When training the abdominals select exercises that engage the rectus abdominis, transverse abdominis, and obliques (internal and external heads). The rectus abdominis runs alongside the front of the torso and looks like a six-pack when a trainee has a sufficiently low body fat percentage. The transverse abdominis pulls the abdominal wall inward, increases intra-abdominal pressure when flexed, and supports organs in the abdominal region. 
Related: How to Get Six Pack Abs of Granite
Obliques protect the spine and contribute to the Adonis belt that runs down the sides of the torso towards the front of the pelvis. Many of you may train abdominals once, twice, or at most three times per week, using the same two or three exercises you’ve been using for months or even years.

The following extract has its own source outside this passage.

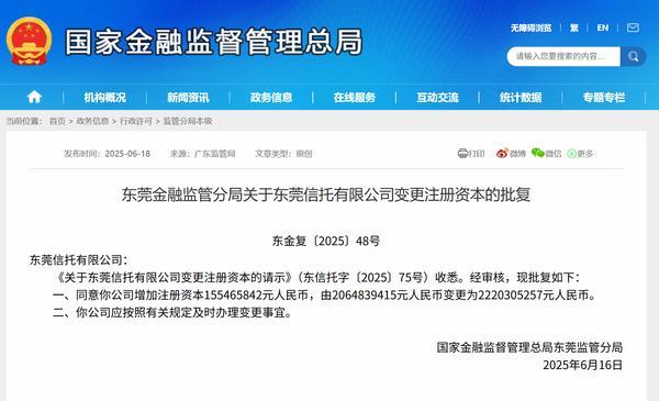 财经6月18日讯 今日,东莞金融监管分局公布相关批复,同意东莞信托有限公司(简称“东莞信托”增加注册资本1.55亿元(155,465,842元,由20.65亿元(2,064,839,415元变更为22.20亿元(2,220,305,257元。以下是相关批复正文:
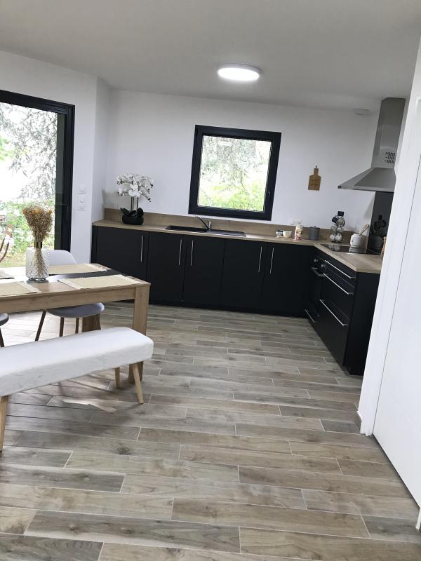 La maison répond aux normes RE2020, elle est équipée d’une pompe à chaleur et de volets roulants électriques.

While consistency, proper form, and progression on a given abdominal exercise are key elements for increasing strength and inducing hypertrophy, the introduction of intensity-increasing variations are also important.

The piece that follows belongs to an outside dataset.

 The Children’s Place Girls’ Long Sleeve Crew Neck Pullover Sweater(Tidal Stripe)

By presenting a novel stimulus to the abdominal muscles you can expedite neuromuscular strength increases, blast through plateaus, and increase muscle fiber recruitment. This article discusses a number of popular abdominal exercises and presents variations that increase intensity without significantly changing the movement pattern.
Making Your Ab Workouts and Exercises More Intense
Cable crunches, most commonly performed kneeling, are one of the most popular exercises to target the upper region of the rectus abdominis, commonly referred to as the upper abdominals. The typical set up for this exercise involves placing a towel, exercise pad, or yoga mat on the ground a few steps away from a cable tower, moving the pulley pin as high as possible, and attaching the double-knobbed rope handle.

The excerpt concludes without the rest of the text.